DESCRIPTION OF THE TASK: Restate each entry shown beneath this instruction, keeping its wording intact.

TASK INPUTS:
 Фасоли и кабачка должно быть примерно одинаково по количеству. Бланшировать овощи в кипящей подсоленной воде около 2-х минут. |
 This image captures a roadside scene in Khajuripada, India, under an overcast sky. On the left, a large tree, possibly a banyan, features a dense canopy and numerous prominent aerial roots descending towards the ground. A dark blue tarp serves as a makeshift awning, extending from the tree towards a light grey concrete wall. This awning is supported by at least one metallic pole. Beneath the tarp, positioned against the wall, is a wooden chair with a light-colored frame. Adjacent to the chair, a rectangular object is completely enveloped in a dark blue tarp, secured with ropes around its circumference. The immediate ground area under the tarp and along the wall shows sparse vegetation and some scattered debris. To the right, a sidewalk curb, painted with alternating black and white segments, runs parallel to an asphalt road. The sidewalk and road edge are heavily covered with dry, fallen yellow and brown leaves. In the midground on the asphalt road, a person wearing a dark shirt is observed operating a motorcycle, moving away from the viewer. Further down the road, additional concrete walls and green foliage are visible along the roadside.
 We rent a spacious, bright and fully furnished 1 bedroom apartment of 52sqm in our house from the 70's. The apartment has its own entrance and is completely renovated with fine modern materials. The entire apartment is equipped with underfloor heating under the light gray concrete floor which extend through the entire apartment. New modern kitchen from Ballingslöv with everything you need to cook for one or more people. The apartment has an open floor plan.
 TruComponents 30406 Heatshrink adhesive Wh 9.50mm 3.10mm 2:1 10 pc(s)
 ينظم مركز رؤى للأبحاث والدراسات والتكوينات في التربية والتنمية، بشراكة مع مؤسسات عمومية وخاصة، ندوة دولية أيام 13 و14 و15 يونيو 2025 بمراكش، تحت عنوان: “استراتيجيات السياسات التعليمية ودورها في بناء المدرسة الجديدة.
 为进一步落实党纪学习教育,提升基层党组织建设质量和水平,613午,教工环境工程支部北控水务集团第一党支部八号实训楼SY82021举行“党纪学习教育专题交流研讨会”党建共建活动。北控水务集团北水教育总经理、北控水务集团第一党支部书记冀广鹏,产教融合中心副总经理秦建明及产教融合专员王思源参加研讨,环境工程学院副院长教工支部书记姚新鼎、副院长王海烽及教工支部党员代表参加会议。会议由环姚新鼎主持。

RESULT:
 Фасоли и кабачка должно быть примерно одинаково по количеству. Бланшировать овощи в кипящей подсоленной воде около 2-х минут. |
 This image captures a roadside scene in Khajuripada, India, under an overcast sky. On the left, a large tree, possibly a banyan, features a dense canopy and numerous prominent aerial roots descending towards the ground. A dark blue tarp serves as a makeshift awning, extending from the tree towards a light grey concrete wall. This awning is supported by at least one metallic pole. Beneath the tarp, positioned against the wall, is a wooden chair with a light-colored frame. Adjacent to the chair, a rectangular object is completely enveloped in a dark blue tarp, secured with ropes around its circumference. The immediate ground area under the tarp and along the wall shows sparse vegetation and some scattered debris. To the right, a sidewalk curb, painted with alternating black and white segments, runs parallel to an asphalt road. The sidewalk and road edge are heavily covered with dry, fallen yellow and brown leaves. In the midground on the asphalt road, a person wearing a dark shirt is observed operating a motorcycle, moving away from the viewer. Further down the road, additional concrete walls and green foliage are visible along the roadside.
 We rent a spacious, bright and fully furnished 1 bedroom apartment of 52sqm in our house from the 70's. The apartment has its own entrance and is completely renovated with fine modern materials. The entire apartment is equipped with underfloor heating under the light gray concrete floor which extend through the entire apartment. New modern kitchen from Ballingslöv with everything you need to cook for one or more people. The apartment has an open floor plan.
 TruComponents 30406 Heatshrink adhesive Wh 9.50mm 3.10mm 2:1 10 pc(s)
 ينظم مركز رؤى للأبحاث والدراسات والتكوينات في التربية والتنمية، بشراكة مع مؤسسات عمومية وخاصة، ندوة دولية أيام 13 و14 و15 يونيو 2025 بمراكش، تحت عنوان: “استراتيجيات السياسات التعليمية ودورها في بناء المدرسة الجديدة.
 为进一步落实党纪学习教育,提升基层党组织建设质量和水平,613午,教工环境工程支部北控水务集团第一党支部八号实训楼SY82021举行“党纪学习教育专题交流研讨会”党建共建活动。北控水务集团北水教育总经理、北控水务集团第一党支部书记冀广鹏,产教融合中心副总经理秦建明及产教融合专员王思源参加研讨,环境工程学院副院长教工支部书记姚新鼎、副院长王海烽及教工支部党员代表参加会议。会议由环姚新鼎主持。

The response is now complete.